Kara took off the clover pendant and set it in front of him. He glanced at the necklace, but quickly glared at her again.
“Girl, you have two seconds to give me answers.”
“I found a secret path while I was on Salish. It took me to this gorgeous overlook with a little gazebo. Well, it wasn’t a gazebo. It was a lichgate—no, I’ll explain that part in a minute—I walked through it and I took this second little trail down a cliff. There was this door—no, Dad, listen!—a door in the mountain. I’m serious!” She cut off his very reasonable argument that people don’t build doors in mountains.
“It started raining so I opened the door and it kind of, well, roots grabbed me and ate my phone and I left my pack in the lichgate. I fell into this library and found a book and there was whispering, and then—” She groaned. “This isn’t working.”
She rubbed her face in frustration as Braeden desperately tried to stifle his laughter behind one of his massive hands. Her dad pointed a firm finger at him.
“You rufied my daughter, didn’t you?”
“No, sir.”
“I’m getting my shotgun”—he pointed again to the prince—“you better be gone when I come back. And young lady, you’d better not move.”
He glared at Kara and thundered from the room.
“Dad!”
Braeden shrugged. “You tried, Kara. I’ll grab him and we can explain later.”
She tapped the necklace. “Grimoire, what do I have to do to make you come back? Book, come on!”
Her dad returned with his shotgun in time to see glittering specks of dust jump and spark out of the necklace. They gleamed and congealed until they formed the glimmering blue outline of a book. As they all watched in the heavy silence, the Grimoire solidified. The stone in the pendant was clear once more.
The Grimoire’s thick red cover and aged pages were as heavy and real as they had been in the library. Kara sighed with relief and rubbed the binding.
Her dad sat down and stared at the book, the gun forgotten in his hand. He reached out to touch the leather as if it would bite him and flinched when his fingers grazed the spine. He jumped up from the table, rubbed his neck until it was red, and looked back at Kara. He didn’t even blink.
“What was that?”
“That’s called magic, old man,” a woman said from the doorway. “And tonight, your baby girl became one of the most coveted magical artifacts on the planet.”

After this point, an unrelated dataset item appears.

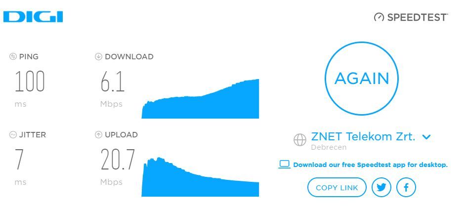 Ahogy nézem inkább az szerverek vannak terhelve, antenna hungárián 60/250, míg Telenor szerverén mérve 450/43

Kara recognized that voice. Panic raced through her body. She slipped the clover necklace over her neck and pushed her chair back, its wooden legs scraping against the hardwood floor. A familiar brunette strode into the dining room.

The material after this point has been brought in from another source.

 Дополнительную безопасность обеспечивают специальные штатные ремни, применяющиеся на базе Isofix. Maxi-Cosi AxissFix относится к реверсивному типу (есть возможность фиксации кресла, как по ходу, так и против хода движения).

Braeden drew his sword, and her dad did a double-take at the outdated weapon when he raised his shotgun.
Deirdre clicked her tongue at the Stelian prince and grinned. “Haven’t you learned your lesson, boy? I always win.”

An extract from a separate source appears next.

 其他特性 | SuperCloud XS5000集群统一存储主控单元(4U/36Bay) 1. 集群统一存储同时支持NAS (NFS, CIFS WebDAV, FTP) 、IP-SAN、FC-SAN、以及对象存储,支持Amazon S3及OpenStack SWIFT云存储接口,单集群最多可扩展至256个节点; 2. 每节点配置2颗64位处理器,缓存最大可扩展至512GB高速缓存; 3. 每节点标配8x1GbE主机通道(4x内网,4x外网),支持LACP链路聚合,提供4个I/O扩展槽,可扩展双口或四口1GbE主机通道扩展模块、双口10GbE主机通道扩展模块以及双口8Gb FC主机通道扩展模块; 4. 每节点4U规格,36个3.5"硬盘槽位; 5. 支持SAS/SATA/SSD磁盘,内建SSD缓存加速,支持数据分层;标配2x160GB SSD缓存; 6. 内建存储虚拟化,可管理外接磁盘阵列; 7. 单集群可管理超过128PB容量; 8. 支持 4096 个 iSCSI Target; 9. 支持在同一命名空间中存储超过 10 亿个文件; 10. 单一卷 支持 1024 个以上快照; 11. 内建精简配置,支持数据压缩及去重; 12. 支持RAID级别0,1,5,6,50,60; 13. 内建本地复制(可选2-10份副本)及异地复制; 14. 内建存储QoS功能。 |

He wrung his hands on the sword hilt. “Not this time. Kara, you need to go.”
“Hold on there, Prince Charming. I just want to have a little chat. Girls only.” Deirdre said. She looked at her reflection in a mirror on the wall and patted her hair as she spoke.
“Kara, why can’t you have any normal friends?” Her dad ran his hand over his receding hairline and licked his lips. His hand shook as he hovered over the trigger, his eyes shifting from the isen to the yakona without knowing what either of them truly was. He pointed the shotgun at Deirdre.
“Oh, how scary.” She snickered.
“That’s enough! You and the boy need to get out of here. Now!”
Deirdre glanced toward the Grimoire sitting on the table and walked toward it. Kara grabbed it and held it to her chest, backing away without knowing what
else to do. Deidre shifted her gaze and walked with her, matching her pace.
“You can’t run from me, little one,” she said.
Kara held her breath and wished that the Grimoire was hidden like it had been before. She thought over the library, trying to figure out how she’d made it disappear the first time.
The book glowed in her hands as if it had read her thoughts, casting blue light on everyone in the room. It imploded, leaving a cluster of dust suspended in the air. Kara coughed. The stone in the pendant glowed blue. Deirdre continued forward, only a dozen feet away, now, but Kara stopped when her back hit the wall.